EXERCISE DESCRIPTION: Output each line exactly as written, from the first line of the records to the line bearing "Networking)に対応したハイスペックモデル「ISLN 5G Industry」などをブース内で披露している。", inclusive, while leaving every picture out.

INPUT DATA:

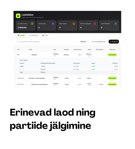 Lao liikumised, müügi trendid, kampaaniate staatus ja rahavoogude muutused joonistuvad välja automaatselt.
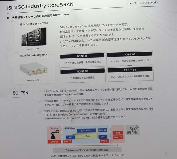 ISL Networksは、オープンソースの5Gコア「free5GC」をベースに開発した“売り切り150万円”からのローカル5Gソリューション「ISLN 5G Business」や、イーサネットの拡張規格「TSN」(Time Sensitive Networking)に対応したハイスペックモデル「ISLN 5G Industry」などをブース内で披露している。
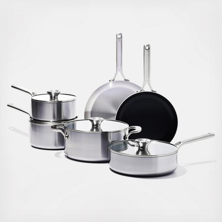 The Mira Tri-Ply stainless steel collection is high-performance tri-ply built for modern kitchens. Each piece is crafted with two stainless steel layers and a heat-radiant aluminum core to deliver fast and even cooking. A stain-resistant finish on each exterior prevents heat discoloration. The mix of ceramic non-stick and uncoated cookware provides non-stick ease and stainless steel durability. The ceramic non-stick coating is free of PFAS, PFOA, lead, and cadmium. Lightweight, contoured stainless steel handles keep cooking comfortable while the streamlined rivets eliminate food traps for a seamless, snag-free interior. Permanent markings on interior walls of the saucepans, stock pot, and saute pan are great for adding stock, water, milk and other liquid ingredients. Clear, tempered glass lids make it easy to check the progress of your dish without losing heat and the double-duty knobs on each lid flips to create a rest area for tools and keep your countertop clean. The durable, all-metal construction is perfect for all stovetops, including induction, and can move directly from the stovetop to oven or the broiler.
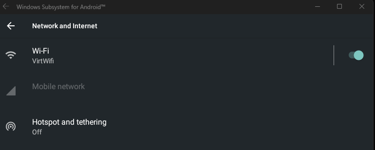 At this point you’ll have a basic WSA installation up and running. However, it is limited to the Amazon app store, and that is not very useful for what we want to do!
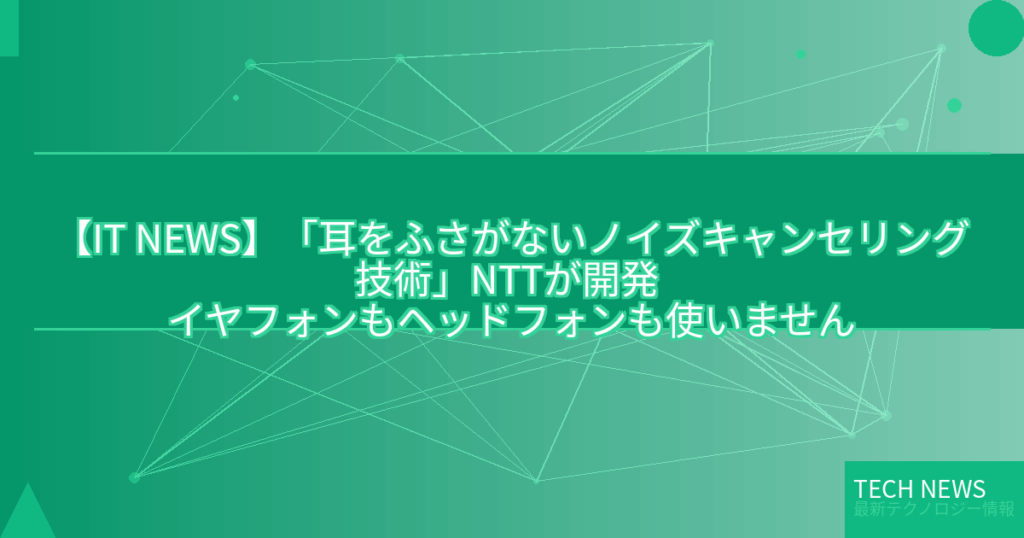【IT NEWS】「耳をふさがないノイズキャンセリング技術」NTTが開発 イヤフォンもヘッドフォンも使いません

ANSWER SECTION:
 Lao liikumised, müügi trendid, kampaaniate staatus ja rahavoogude muutused joonistuvad välja automaatselt.
 ISL Networksは、オープンソースの5Gコア「free5GC」をベースに開発した“売り切り150万円”からのローカル5Gソリューション「ISLN 5G Business」や、イーサネットの拡張規格「TSN」(Time Sensitive Networking)に対応したハイスペックモデル「ISLN 5G Industry」などをブース内で披露している。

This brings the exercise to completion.